Medhbsi, tatauaia has red tail and so does scomb.. Armutus young fish hasn't been exported for a while. The last time they were offered to me was almost 2 years ago. To give you an idea, if you paid anything less than $80 for your fish, the cost before shipping or anything for the true armutus that was offered to me as well as other importers were more than that.

It is far too common to bring a fish in as one and sell it as another.
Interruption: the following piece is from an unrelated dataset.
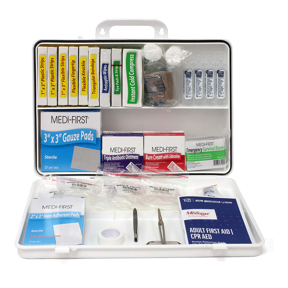 A first aid kit is essential for every home, office, restaurant, or business for emergency treatment of injuries.

I guess as long as you did not pay the price of an Armutus, it is fine. 

But I do agree, grow rate is very slow for an Armutus.


----------



## MEDHBSI (Sep 4, 2011)

I paid over 160 for the fish


----------



## hondas3000 (Apr 22, 2010)

MEDHBSI said:


> here is a pic
> 
> View attachment 14213


I like these pics . Look like you need a bigger tank soon.


----------



## MEDHBSI (Sep 4, 2011)

Updated pic


----------



## ariverrunsthroughit19 (Nov 29, 2012)

I will tell you it is without a doupt it is not a armatus. I have kept tatauia twice and they both look 100 percent identical to yours. It just so happened to be Charles who I purchased my first. I am pretty sure both mike (in a prior post) from exotic aquaria and Charles both confirmed in fact it is a tat. The hydrolycus genus is in my opinion, is the easiest to distinguish...


----------



## MEDHBSI (Sep 4, 2011)

Well either way I love the fish. It was sold to me from my LFS and a sponsor on here soooooo that sucks if they sold me something else when it was called an armatus.


----------



## charles (Apr 21, 2010)

Jason, regardness of what it is, it is in beautiful shape and color. It is a keeper.


----------



## ariverrunsthroughit19 (Nov 29, 2012)

Alot, I mean alot of fish stores/importers mislabel payaras, aftican tigerfish etc. This is why it is essential to reasearch the fish you are buying, especially oddballs and the like. Personaly I have always purchased my oddballs from importers that specialize in this category. In the end knowledge is imperative, you never want to end up paying a premium for a mislabeled fish. As I said, it is a beautiful fish nontheless, just don't expect "fast" growth from a tatauaia...


----------